* Available data
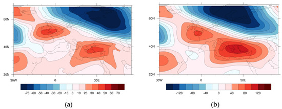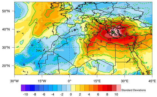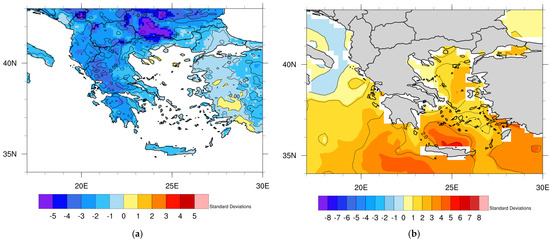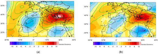 Furthermore, in Figure 6, a strong positive anomaly in the geopotential heights was observed above Greece and western Turkey. Specifically, above the Aegean Sea and southwestern Turkey, the geopotential height anomalies at 500 hPa (Figure 6a) and 850 hPa (Figure 6b) were, respectively, at least ten and seven standard deviations higher than the climatological value of May. On the other hand, there was a negative anomaly in the geopotential heights at the trough above Morocco, which was intense, but not as extreme as the positive anomaly. This dipole of anomalies amplifies the poleward flow and the advection of warm air masses from northern Africa to the Mediterranean Sea and southern Europe [91,92].
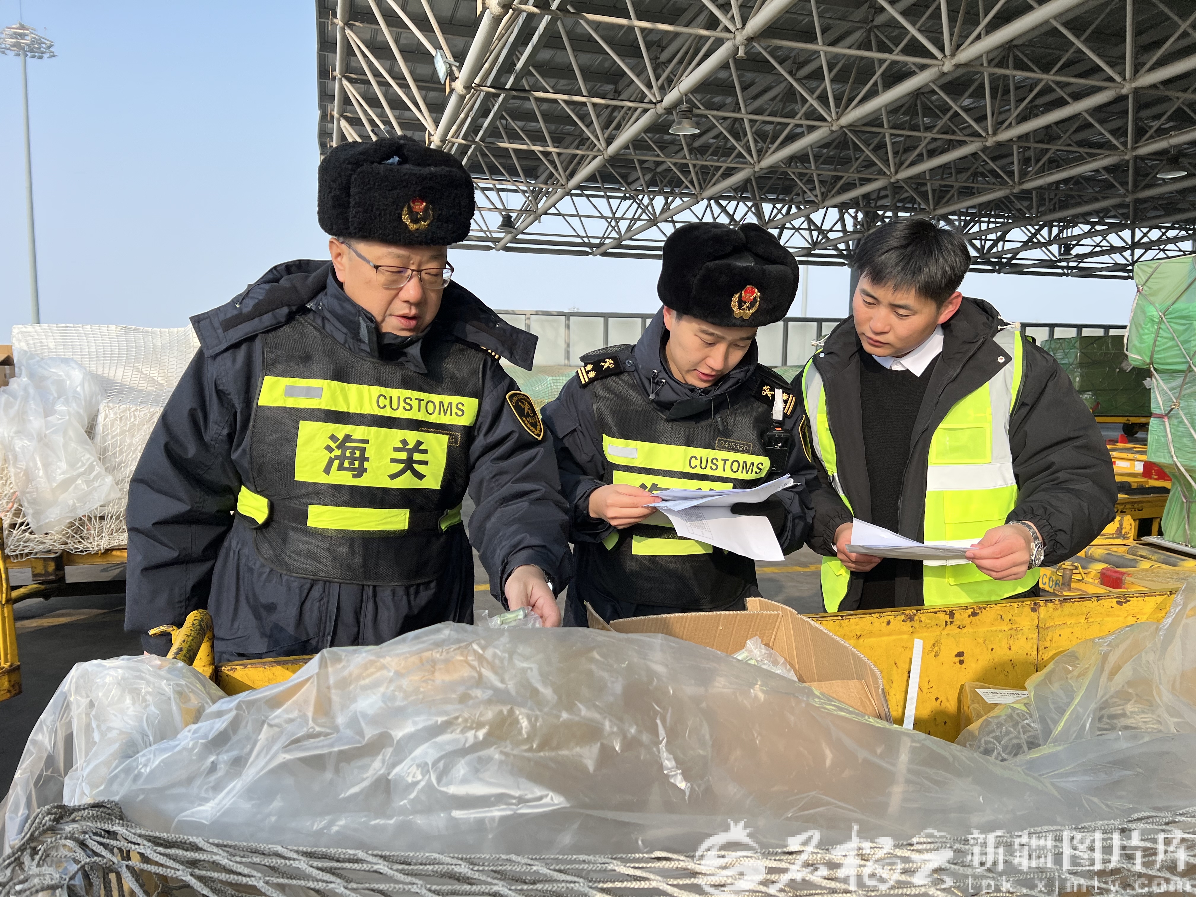 1月7日,乌鲁木齐天山机场海关关员对出境的跨境电商货物进行监管。刘飞虎摄
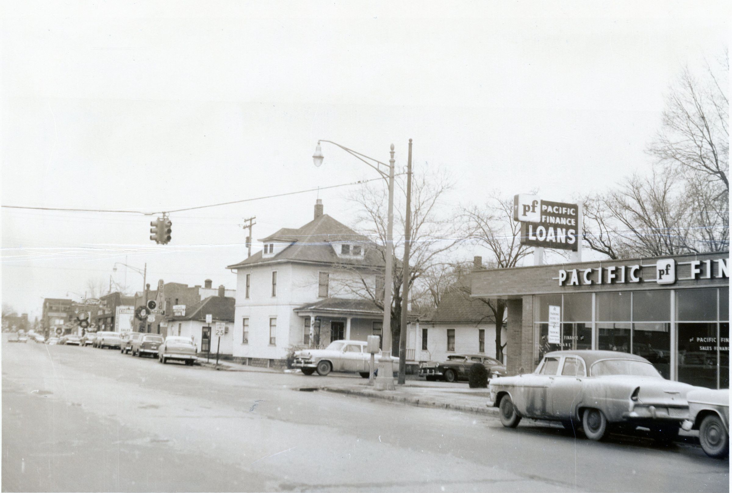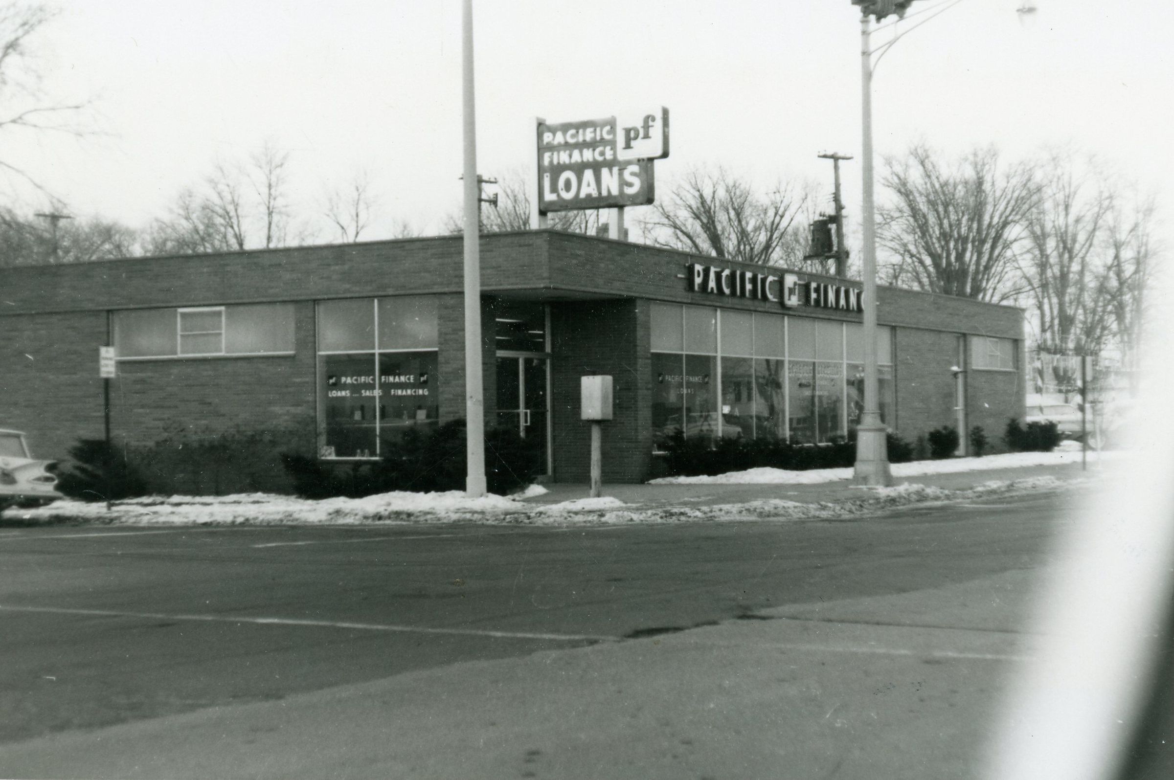 35501 Michigan - Pacific Finance. 1957. 1 story brick and concrete block commercial building. N 1/2 lots 11 & 12 Clark and Jamiesons Addn. Building still there as of 2024Cataloged By
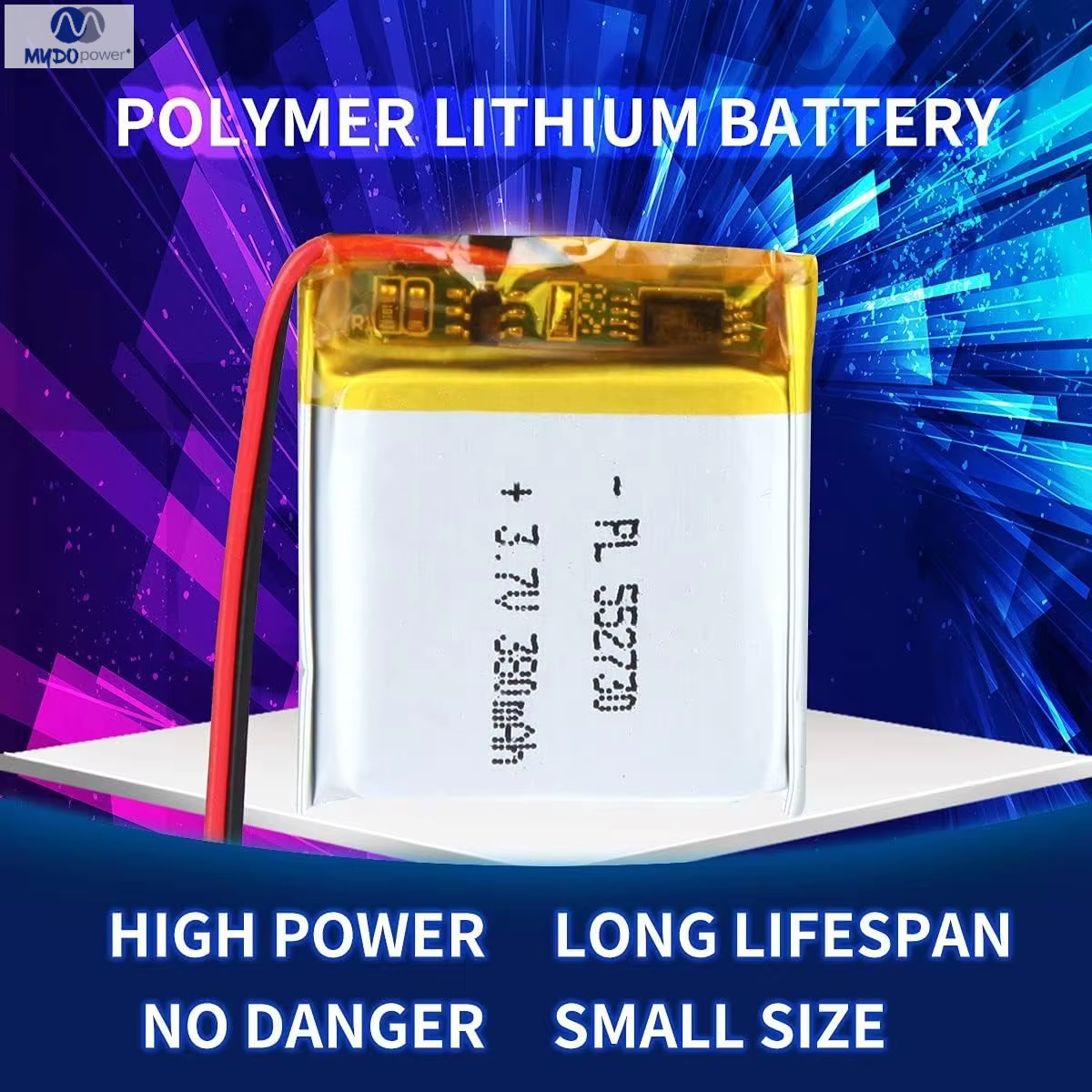 Batería de polímero de litio Tamaño de la batería: 552730, 380 mAh Aplicación: Electrónica de consumo Vida útil: 500 ciclos Materiales del cátodo: Otros Modelo: 552730 Temperatura de funcionamiento (°C): 0-45 °C Marca: Mydo Tipo de batería: Estado sólido Peso: 10 g Origen: China
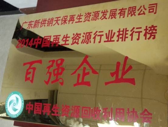 会上由中国再生资源回收利用协会公布了“2014中国再生行业百强企业排行榜”,并为前十强企业授牌,广东新供销天保再生资源发展有限公司为2014年度排行第八名。
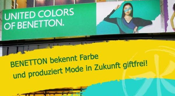 Greenpeace fordert im Rahmen der "Detox"-Kampagne von internationalen Modeherstellern auf die Verwendung und Freisetzung gefährlicher Chemikalien bis 2020 zu verzichten. Die gesamte Modeindustrie ist aufgerufen, die anhaltende Wasserverschmutzung zu beenden und ungefährliche Alternativen zu entwickeln. Neben Benetton haben inzwischen Puma, Nike, Adidas, Li-Ning, H&M, C&A, Marks&Spencer, Mango, Esprit, Zara, Levi's und Uniqlo die Selbstverpflichtung unterzeichnet.
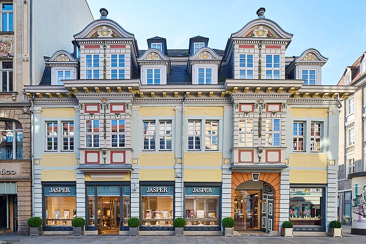 Im Zentrum von Erfurt erweiterte der traditionsreiche Juwelier Jasper seine Verkaufsflächen. Die Tradition und der Premiumanspruch des Schmuck- und Uhrenhändlers sollte sich bei der Erweiterung im neuen Look widerspiegeln. Das Raum- und Gestaltungskonzept von brandherm + krumrey nimmt daher den Geist des Ortes sanft auf, um eine hochwertige und zugleich entspannte Bühne für die wertvolle Ware zu schaffen.

* Exercise aim
With the pictures removed from your copy, retype the lines above from the one that contains "1月7日,乌鲁木齐天山机场海关关员对出境的跨境电商货物进行监管。刘飞虎摄" through the one that contains "会上由中国再生资源回收利用协", exactly.

* Response area
 1月7日,乌鲁木齐天山机场海关关员对出境的跨境电商货物进行监管。刘飞虎摄
 35501 Michigan - Pacific Finance. 1957. 1 story brick and concrete block commercial building. N 1/2 lots 11 & 12 Clark and Jamiesons Addn. Building still there as of 2024Cataloged By
 Batería de polímero de litio Tamaño de la batería: 552730, 380 mAh Aplicación: Electrónica de consumo Vida útil: 500 ciclos Materiales del cátodo: Otros Modelo: 552730 Temperatura de funcionamiento (°C): 0-45 °C Marca: Mydo Tipo de batería: Estado sólido Peso: 10 g Origen: China
 会上由中国再生资源回收利用协会公布了“2014中国再生行业百强企业排行榜”,并为前十强企业授牌,广东新供销天保再生资源发展有限公司为2014年度排行第八名。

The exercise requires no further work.